* [PROBLEM TO WORK ON]: Exact repetition of a range: find the line containing "그 마음으로 나도 더 주의하게 되고 다른 아이들을 바라보게 된다." and the line containing "It’s Fall Y’all: a" in the material below, then repeat both and all lines between them, leaving pictures out.

* [RECORDED INFORMATION]:
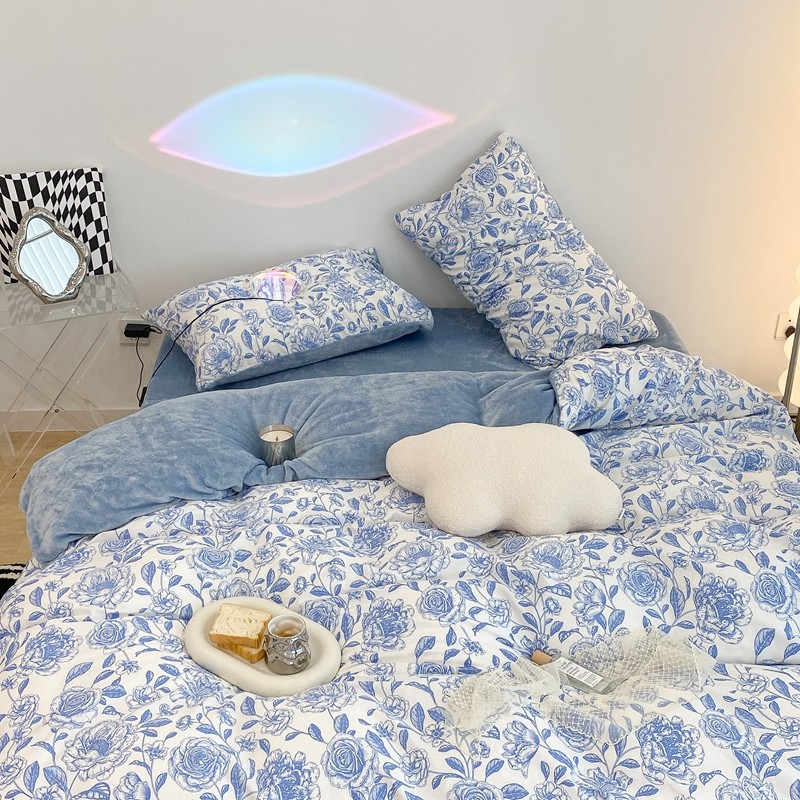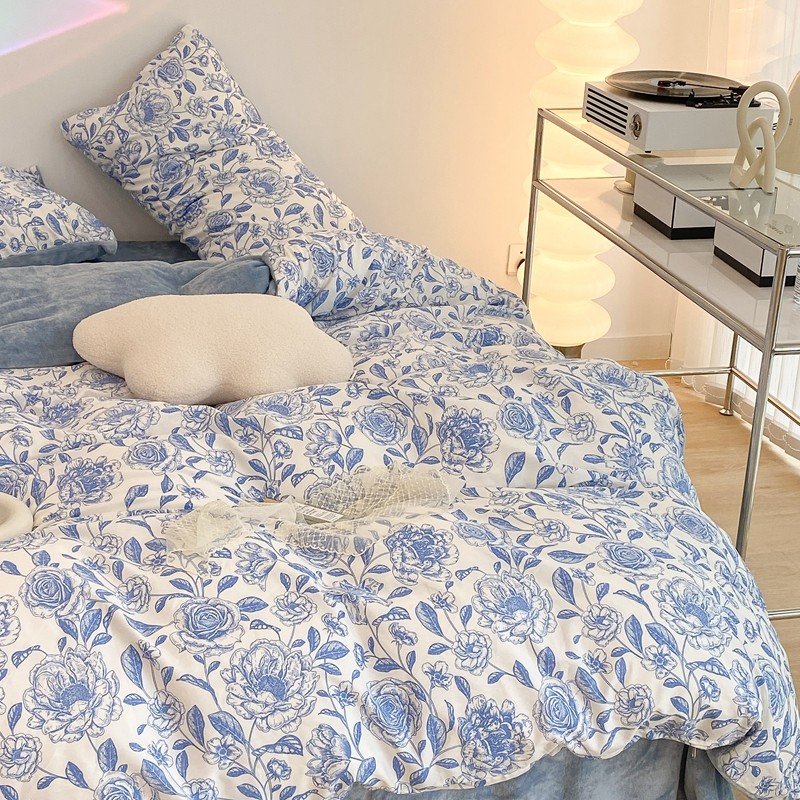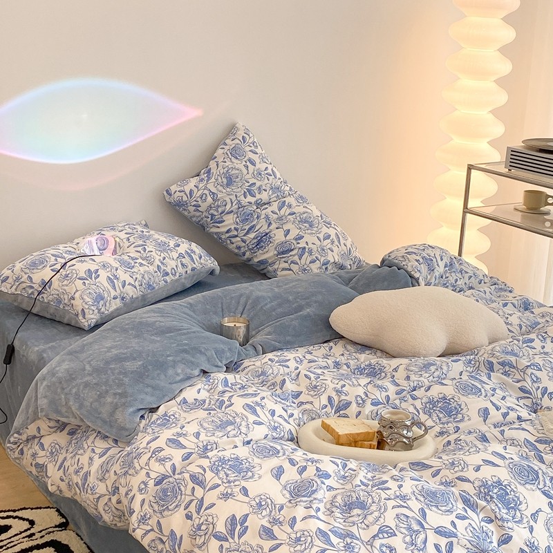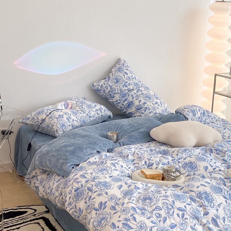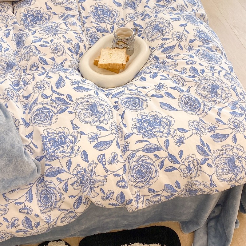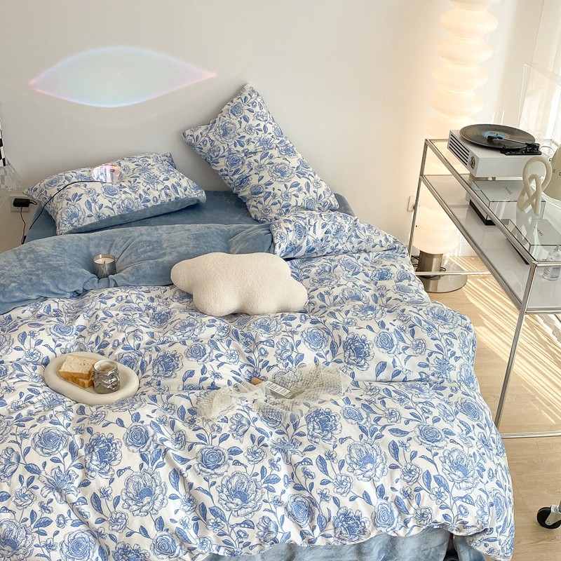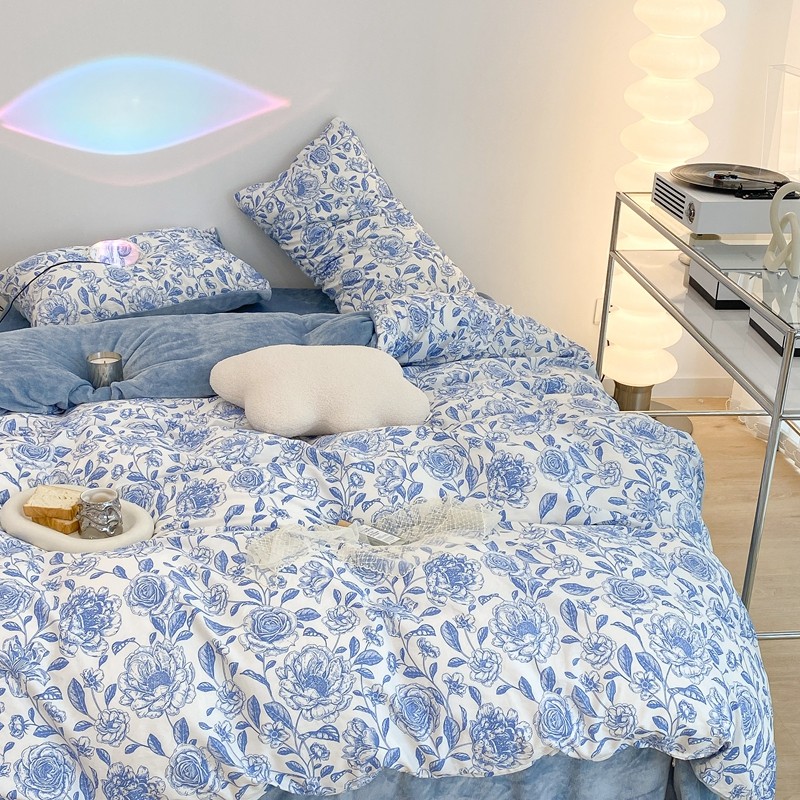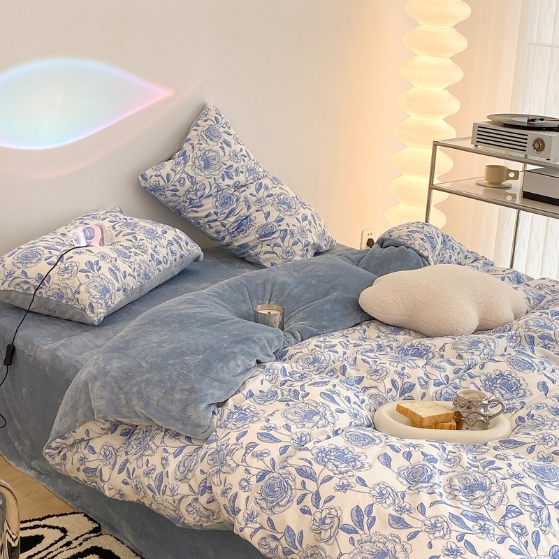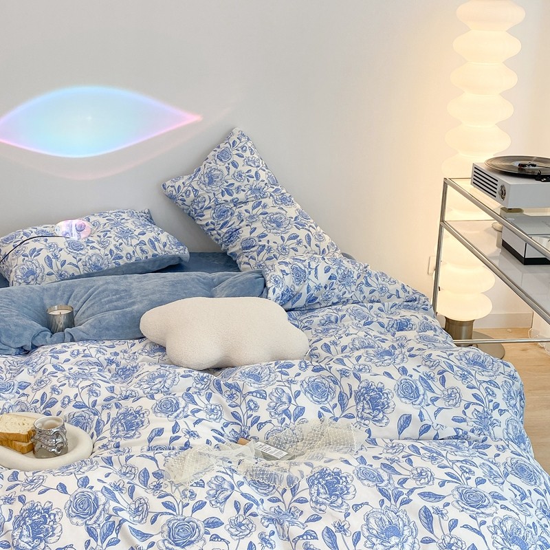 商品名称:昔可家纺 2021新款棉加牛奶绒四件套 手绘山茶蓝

--

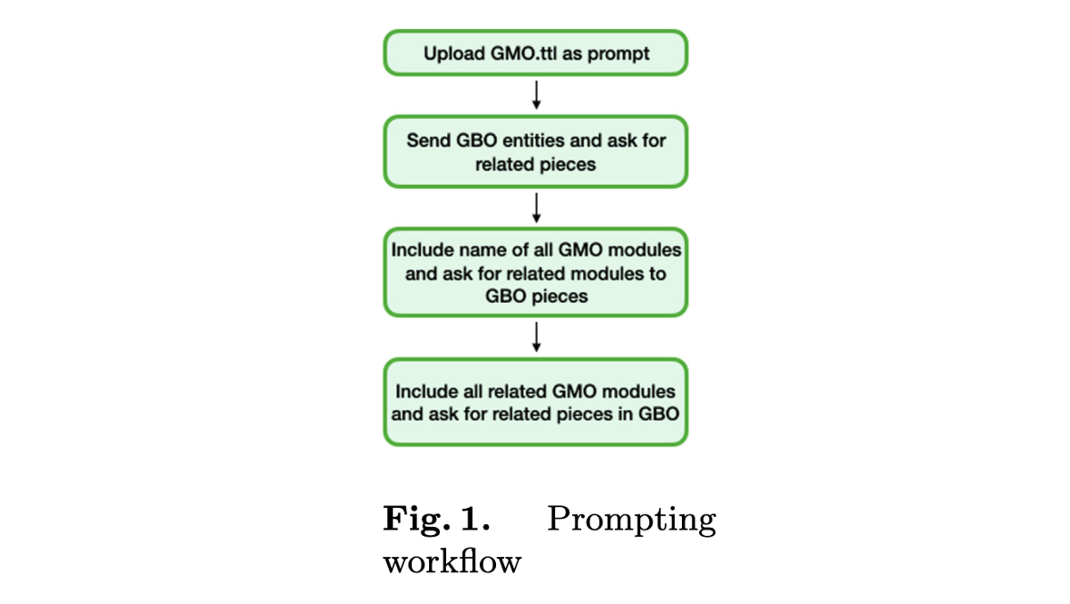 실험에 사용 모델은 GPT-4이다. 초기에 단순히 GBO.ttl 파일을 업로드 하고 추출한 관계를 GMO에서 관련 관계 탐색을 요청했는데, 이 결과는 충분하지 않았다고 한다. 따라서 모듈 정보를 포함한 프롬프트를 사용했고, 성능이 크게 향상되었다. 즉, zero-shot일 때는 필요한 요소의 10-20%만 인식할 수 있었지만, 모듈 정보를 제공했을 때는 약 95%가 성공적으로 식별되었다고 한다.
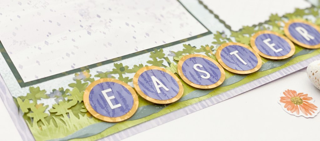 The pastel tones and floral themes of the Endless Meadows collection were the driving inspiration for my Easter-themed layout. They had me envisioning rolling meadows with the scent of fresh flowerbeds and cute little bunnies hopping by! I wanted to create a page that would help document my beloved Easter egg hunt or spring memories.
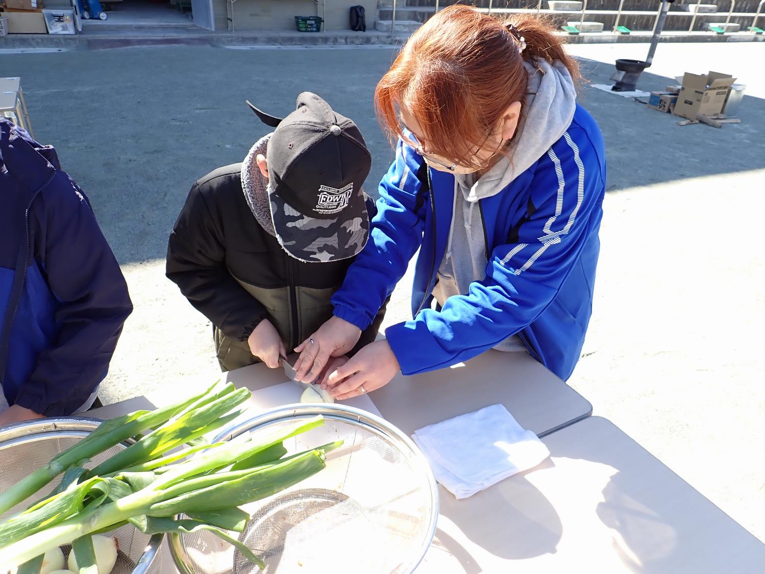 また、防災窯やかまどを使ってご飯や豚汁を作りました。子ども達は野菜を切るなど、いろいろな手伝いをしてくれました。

==

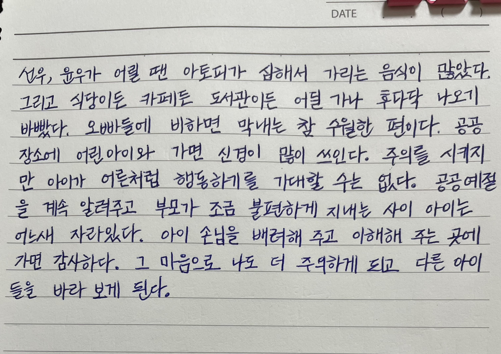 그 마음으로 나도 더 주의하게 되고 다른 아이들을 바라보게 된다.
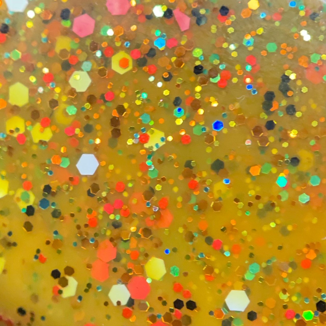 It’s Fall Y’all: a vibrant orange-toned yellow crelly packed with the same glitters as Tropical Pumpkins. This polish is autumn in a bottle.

* [ANSWER]:
 그 마음으로 나도 더 주의하게 되고 다른 아이들을 바라보게 된다.
 It’s Fall Y’all: a vibrant orange-toned yellow crelly packed with the same glitters as Tropical Pumpkins. This polish is autumn in a bottle.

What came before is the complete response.